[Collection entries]
------------------------------------------------
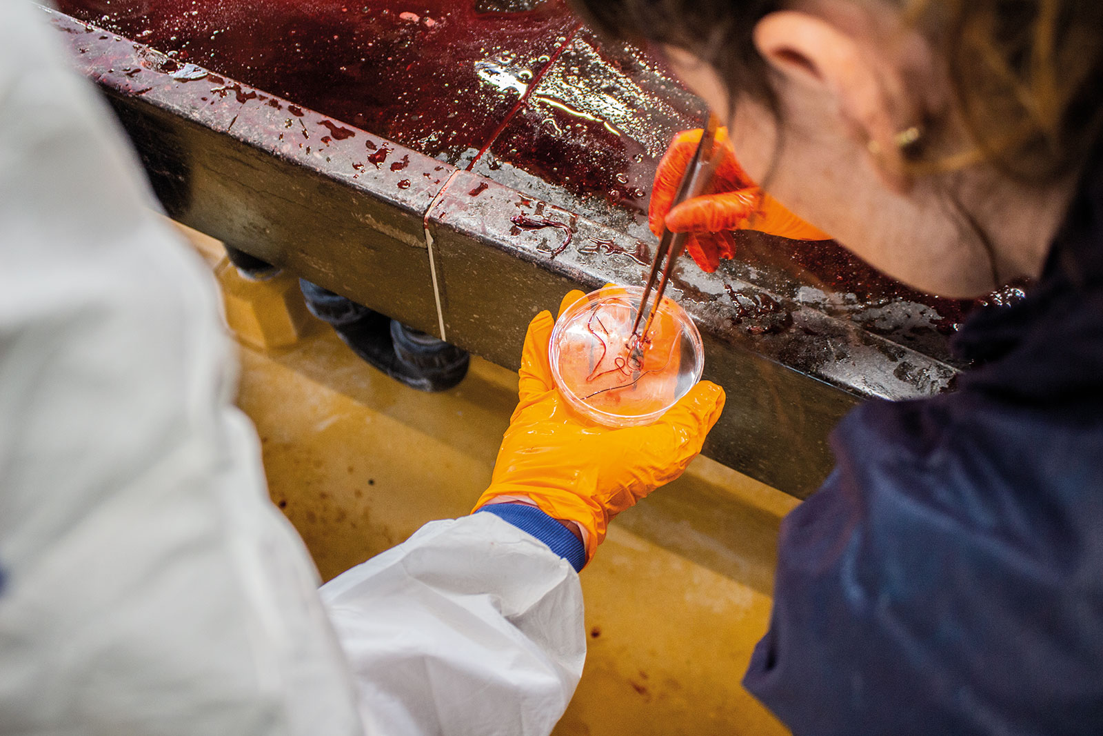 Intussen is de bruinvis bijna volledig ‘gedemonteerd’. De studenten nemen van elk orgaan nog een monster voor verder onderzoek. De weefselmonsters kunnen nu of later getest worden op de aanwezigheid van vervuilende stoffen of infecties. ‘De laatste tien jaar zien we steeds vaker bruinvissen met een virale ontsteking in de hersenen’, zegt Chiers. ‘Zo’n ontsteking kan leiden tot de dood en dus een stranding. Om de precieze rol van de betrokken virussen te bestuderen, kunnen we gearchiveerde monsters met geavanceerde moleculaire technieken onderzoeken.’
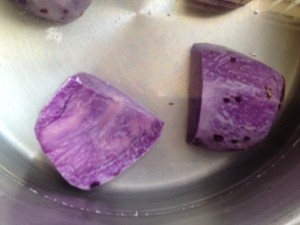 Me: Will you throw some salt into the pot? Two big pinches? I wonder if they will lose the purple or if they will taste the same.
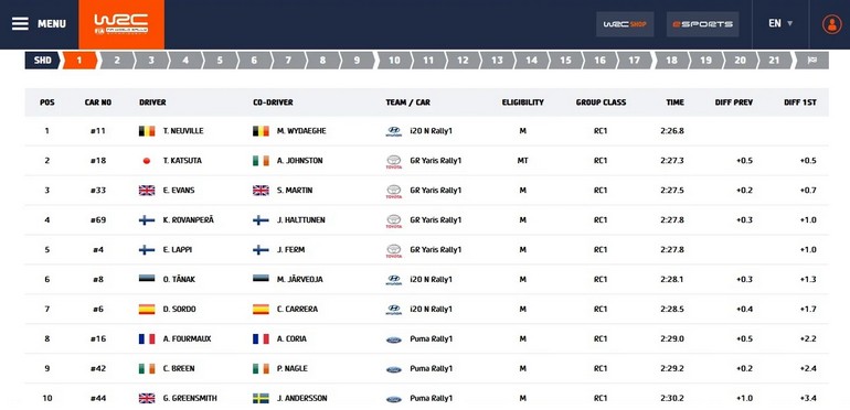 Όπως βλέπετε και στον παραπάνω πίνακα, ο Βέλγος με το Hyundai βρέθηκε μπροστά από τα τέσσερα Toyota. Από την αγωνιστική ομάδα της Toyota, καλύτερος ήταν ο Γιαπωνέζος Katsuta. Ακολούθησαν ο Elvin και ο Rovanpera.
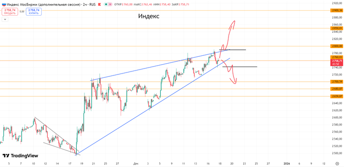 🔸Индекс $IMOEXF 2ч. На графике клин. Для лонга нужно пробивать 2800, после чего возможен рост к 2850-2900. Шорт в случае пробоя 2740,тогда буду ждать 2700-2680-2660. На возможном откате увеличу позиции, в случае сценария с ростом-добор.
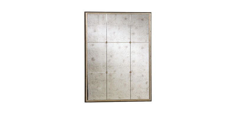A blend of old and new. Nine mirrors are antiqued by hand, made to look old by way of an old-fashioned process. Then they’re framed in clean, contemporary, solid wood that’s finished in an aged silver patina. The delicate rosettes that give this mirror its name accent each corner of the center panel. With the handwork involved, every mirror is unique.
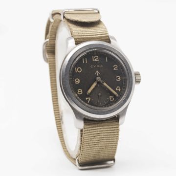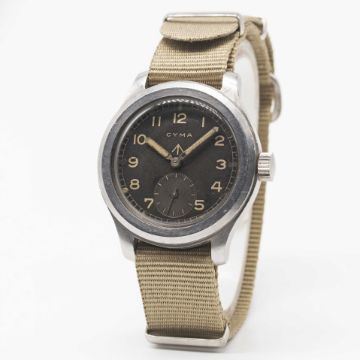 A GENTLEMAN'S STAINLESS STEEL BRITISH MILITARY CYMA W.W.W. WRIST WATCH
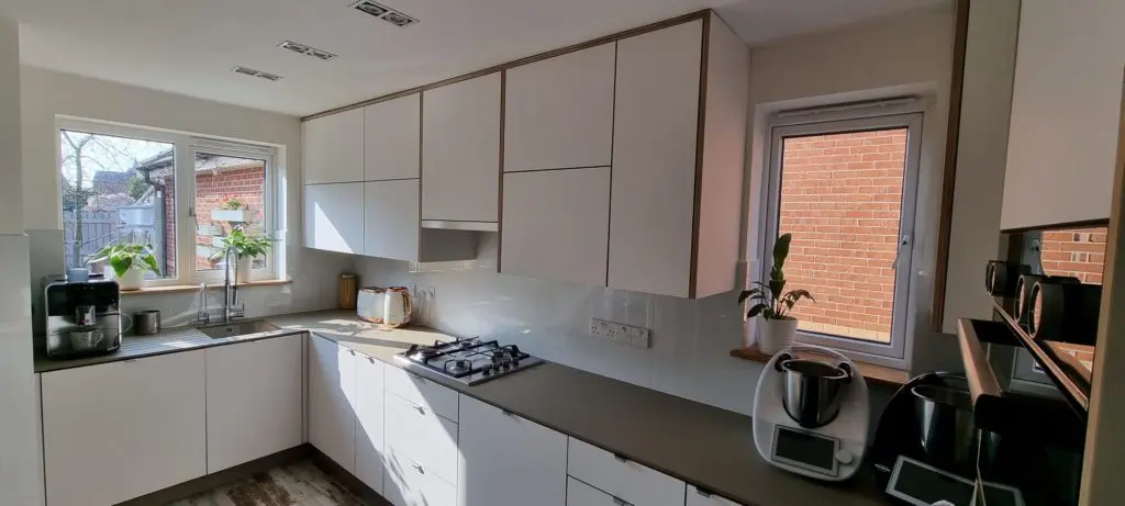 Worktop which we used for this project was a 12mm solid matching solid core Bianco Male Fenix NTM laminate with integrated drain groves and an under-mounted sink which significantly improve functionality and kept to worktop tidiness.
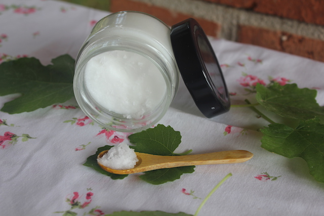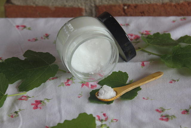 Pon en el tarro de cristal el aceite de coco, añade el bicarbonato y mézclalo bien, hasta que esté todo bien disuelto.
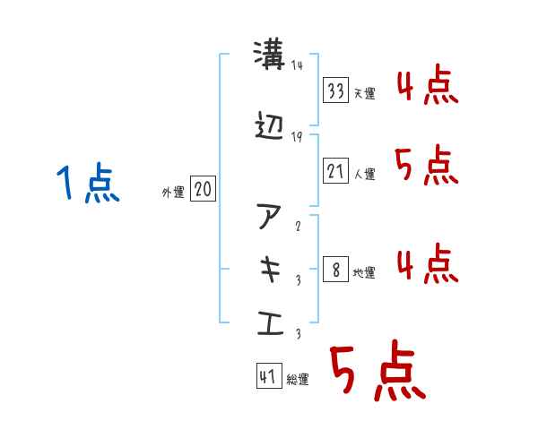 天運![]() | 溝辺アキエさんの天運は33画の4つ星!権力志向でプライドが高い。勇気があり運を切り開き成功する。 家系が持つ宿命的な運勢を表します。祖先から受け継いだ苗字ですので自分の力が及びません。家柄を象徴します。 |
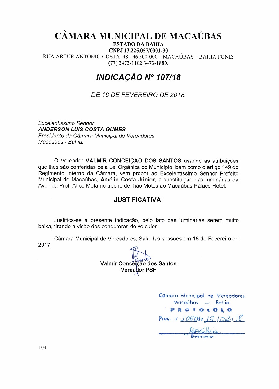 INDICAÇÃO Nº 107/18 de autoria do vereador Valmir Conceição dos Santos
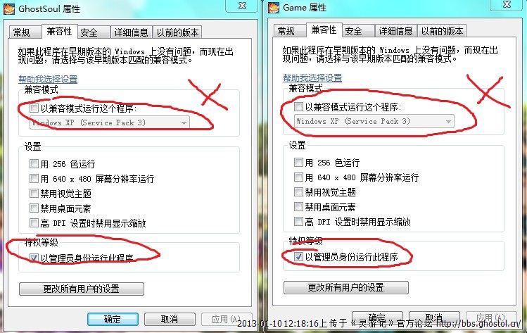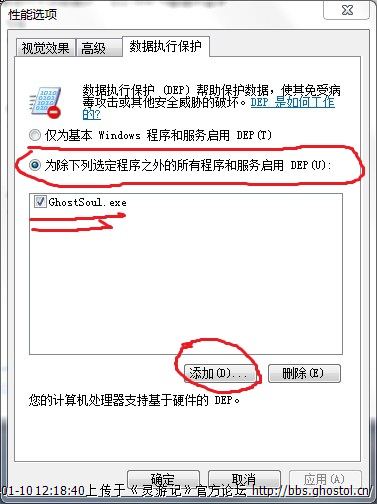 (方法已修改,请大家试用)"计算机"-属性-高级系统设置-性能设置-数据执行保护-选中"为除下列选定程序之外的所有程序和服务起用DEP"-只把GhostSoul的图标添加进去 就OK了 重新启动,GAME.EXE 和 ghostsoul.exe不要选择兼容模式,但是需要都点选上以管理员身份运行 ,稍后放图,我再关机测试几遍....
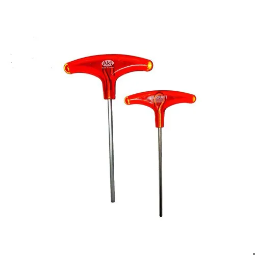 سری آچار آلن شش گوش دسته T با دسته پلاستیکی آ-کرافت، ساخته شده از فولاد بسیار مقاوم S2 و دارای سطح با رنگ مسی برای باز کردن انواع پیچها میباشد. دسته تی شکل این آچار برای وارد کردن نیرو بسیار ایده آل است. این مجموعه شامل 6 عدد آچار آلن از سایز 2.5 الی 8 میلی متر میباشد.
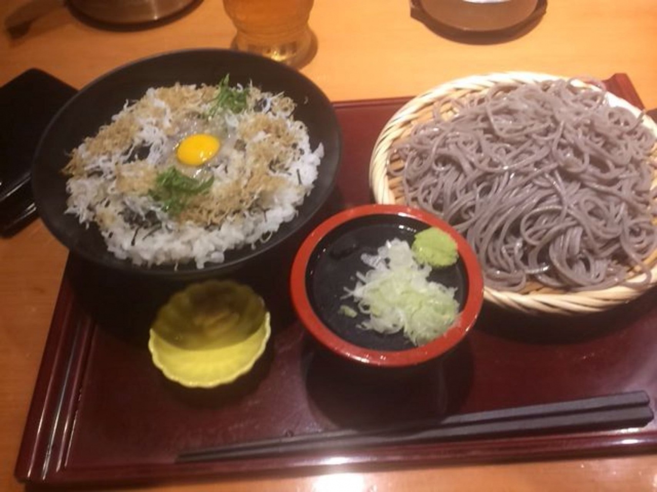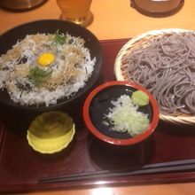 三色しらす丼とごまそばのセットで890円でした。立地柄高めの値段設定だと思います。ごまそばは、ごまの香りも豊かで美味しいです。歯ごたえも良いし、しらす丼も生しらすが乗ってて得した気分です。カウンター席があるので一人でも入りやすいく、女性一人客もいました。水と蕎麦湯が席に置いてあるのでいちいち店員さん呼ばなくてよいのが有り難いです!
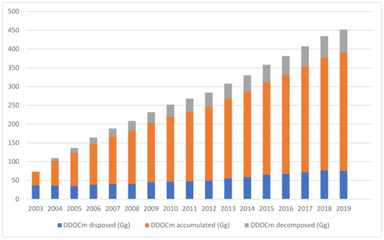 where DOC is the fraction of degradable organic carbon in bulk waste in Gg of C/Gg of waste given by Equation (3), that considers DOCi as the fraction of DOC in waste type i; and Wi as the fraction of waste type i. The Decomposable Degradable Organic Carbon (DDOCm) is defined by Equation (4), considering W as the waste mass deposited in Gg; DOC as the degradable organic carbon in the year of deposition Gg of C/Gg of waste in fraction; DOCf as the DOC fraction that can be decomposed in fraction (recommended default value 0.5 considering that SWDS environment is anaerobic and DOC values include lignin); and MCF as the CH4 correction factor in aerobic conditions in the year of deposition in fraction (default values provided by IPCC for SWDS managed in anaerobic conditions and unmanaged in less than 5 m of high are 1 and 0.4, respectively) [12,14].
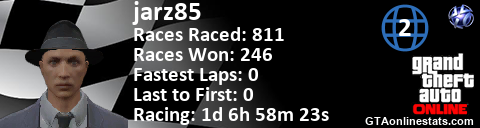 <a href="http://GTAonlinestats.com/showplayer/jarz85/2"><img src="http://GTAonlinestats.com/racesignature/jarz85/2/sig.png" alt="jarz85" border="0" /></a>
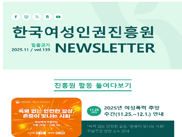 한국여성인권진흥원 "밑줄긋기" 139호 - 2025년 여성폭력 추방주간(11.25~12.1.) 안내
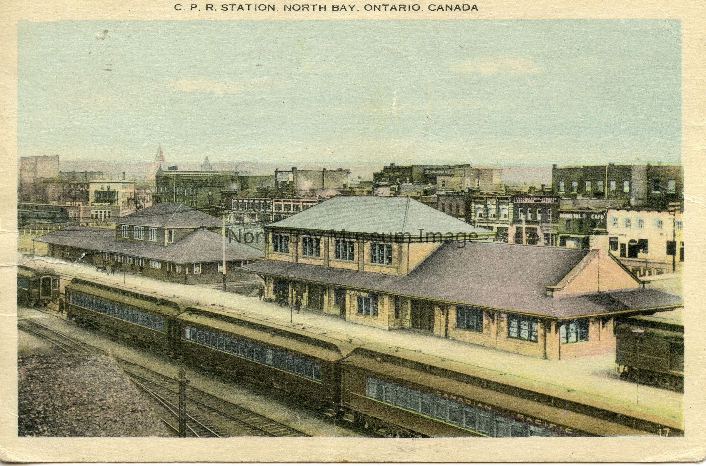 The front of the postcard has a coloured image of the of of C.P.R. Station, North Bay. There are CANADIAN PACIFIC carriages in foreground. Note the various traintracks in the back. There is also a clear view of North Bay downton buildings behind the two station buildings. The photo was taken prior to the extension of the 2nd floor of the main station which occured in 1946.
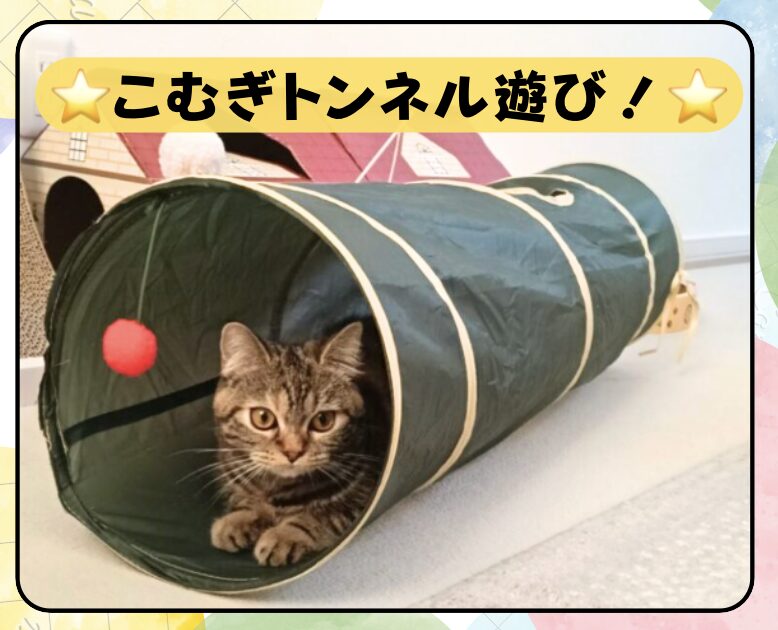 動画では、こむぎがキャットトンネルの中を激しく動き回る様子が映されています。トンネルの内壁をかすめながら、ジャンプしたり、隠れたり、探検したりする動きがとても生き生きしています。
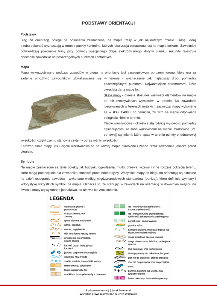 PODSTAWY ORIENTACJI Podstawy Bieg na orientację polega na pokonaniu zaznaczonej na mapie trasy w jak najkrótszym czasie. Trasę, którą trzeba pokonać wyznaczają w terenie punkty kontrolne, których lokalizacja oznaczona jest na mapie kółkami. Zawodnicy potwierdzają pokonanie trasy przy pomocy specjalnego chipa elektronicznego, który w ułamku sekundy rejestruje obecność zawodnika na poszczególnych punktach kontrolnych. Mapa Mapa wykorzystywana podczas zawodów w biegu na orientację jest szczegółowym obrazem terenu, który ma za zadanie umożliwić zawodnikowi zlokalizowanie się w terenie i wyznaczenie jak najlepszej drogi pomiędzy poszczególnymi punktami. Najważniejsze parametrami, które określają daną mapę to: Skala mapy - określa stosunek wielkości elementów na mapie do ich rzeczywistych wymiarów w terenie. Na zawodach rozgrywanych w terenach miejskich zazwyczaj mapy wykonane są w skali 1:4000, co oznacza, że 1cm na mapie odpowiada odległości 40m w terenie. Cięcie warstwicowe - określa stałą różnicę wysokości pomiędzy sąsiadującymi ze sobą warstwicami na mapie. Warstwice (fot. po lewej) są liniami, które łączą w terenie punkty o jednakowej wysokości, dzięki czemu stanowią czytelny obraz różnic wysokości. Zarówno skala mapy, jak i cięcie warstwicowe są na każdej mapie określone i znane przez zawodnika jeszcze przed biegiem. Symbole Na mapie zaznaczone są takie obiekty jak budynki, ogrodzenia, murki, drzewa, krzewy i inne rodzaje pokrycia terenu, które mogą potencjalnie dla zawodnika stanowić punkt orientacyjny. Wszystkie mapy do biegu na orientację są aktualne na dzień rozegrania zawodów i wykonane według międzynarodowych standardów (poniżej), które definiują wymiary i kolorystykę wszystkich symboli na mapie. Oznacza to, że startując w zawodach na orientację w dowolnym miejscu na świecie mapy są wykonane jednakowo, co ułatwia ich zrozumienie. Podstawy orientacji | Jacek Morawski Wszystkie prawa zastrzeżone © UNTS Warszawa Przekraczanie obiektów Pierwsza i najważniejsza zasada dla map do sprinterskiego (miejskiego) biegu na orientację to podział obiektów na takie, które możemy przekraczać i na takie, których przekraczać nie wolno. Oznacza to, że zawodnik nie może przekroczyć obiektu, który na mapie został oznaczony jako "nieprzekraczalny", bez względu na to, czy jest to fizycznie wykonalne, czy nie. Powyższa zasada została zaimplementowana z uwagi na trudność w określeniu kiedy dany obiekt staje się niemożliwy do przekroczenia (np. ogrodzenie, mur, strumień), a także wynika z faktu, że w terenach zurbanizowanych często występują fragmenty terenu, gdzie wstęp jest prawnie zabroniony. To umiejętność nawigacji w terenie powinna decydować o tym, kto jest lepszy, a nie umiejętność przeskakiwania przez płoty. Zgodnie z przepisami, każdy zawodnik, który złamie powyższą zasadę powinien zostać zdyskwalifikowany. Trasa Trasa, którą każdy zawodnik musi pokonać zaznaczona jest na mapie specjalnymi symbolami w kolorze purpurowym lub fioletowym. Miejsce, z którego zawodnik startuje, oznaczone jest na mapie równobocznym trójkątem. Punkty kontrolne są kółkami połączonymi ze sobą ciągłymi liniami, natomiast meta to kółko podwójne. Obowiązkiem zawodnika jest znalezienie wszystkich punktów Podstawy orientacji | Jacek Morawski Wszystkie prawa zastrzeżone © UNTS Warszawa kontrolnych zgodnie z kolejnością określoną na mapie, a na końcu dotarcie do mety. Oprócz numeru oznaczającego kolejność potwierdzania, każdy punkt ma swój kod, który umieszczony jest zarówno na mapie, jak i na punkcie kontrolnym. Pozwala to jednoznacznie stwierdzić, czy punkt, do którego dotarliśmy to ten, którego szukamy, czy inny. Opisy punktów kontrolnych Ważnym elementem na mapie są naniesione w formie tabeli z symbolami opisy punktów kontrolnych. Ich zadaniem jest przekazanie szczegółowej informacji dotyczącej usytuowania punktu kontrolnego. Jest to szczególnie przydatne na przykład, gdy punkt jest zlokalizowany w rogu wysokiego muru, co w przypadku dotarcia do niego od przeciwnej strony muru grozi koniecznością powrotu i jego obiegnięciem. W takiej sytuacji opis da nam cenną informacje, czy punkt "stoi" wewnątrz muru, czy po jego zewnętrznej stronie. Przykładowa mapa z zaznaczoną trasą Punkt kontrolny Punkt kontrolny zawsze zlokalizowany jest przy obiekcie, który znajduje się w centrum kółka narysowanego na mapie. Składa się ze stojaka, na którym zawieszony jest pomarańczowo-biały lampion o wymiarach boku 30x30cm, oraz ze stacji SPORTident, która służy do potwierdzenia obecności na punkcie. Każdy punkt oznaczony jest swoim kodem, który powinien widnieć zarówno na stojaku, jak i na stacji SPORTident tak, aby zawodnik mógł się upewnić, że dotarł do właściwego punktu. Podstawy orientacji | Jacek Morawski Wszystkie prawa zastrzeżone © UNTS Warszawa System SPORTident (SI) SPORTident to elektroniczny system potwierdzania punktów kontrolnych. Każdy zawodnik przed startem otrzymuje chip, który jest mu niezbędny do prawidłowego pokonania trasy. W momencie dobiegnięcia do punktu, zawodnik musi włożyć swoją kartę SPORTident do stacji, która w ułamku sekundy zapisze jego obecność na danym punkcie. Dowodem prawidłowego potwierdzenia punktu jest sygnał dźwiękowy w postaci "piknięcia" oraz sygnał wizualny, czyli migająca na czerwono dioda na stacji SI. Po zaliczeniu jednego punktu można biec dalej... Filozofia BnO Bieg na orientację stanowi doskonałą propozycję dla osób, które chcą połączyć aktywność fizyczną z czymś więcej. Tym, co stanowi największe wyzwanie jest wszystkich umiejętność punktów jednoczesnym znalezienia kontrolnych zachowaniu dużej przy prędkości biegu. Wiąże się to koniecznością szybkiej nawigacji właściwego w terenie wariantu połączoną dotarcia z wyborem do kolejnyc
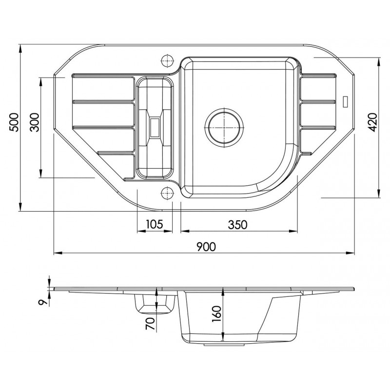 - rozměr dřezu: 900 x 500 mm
------------------------------------------------
_What is being asked:_ With pictures excluded, reproduce exactly the lines above from the one containing "The front of" down to the one containing "動画では、こむぎがキャットト", those two included.

_Response to this exercise:_
 The front of the postcard has a coloured image of the of of C.P.R. Station, North Bay. There are CANADIAN PACIFIC carriages in foreground. Note the various traintracks in the back. There is also a clear view of North Bay downton buildings behind the two station buildings. The photo was taken prior to the extension of the 2nd floor of the main station which occured in 1946.
 動画では、こむぎがキャットトンネルの中を激しく動き回る様子が映されています。トンネルの内壁をかすめながら、ジャンプしたり、隠れたり、探検したりする動きがとても生き生きしています。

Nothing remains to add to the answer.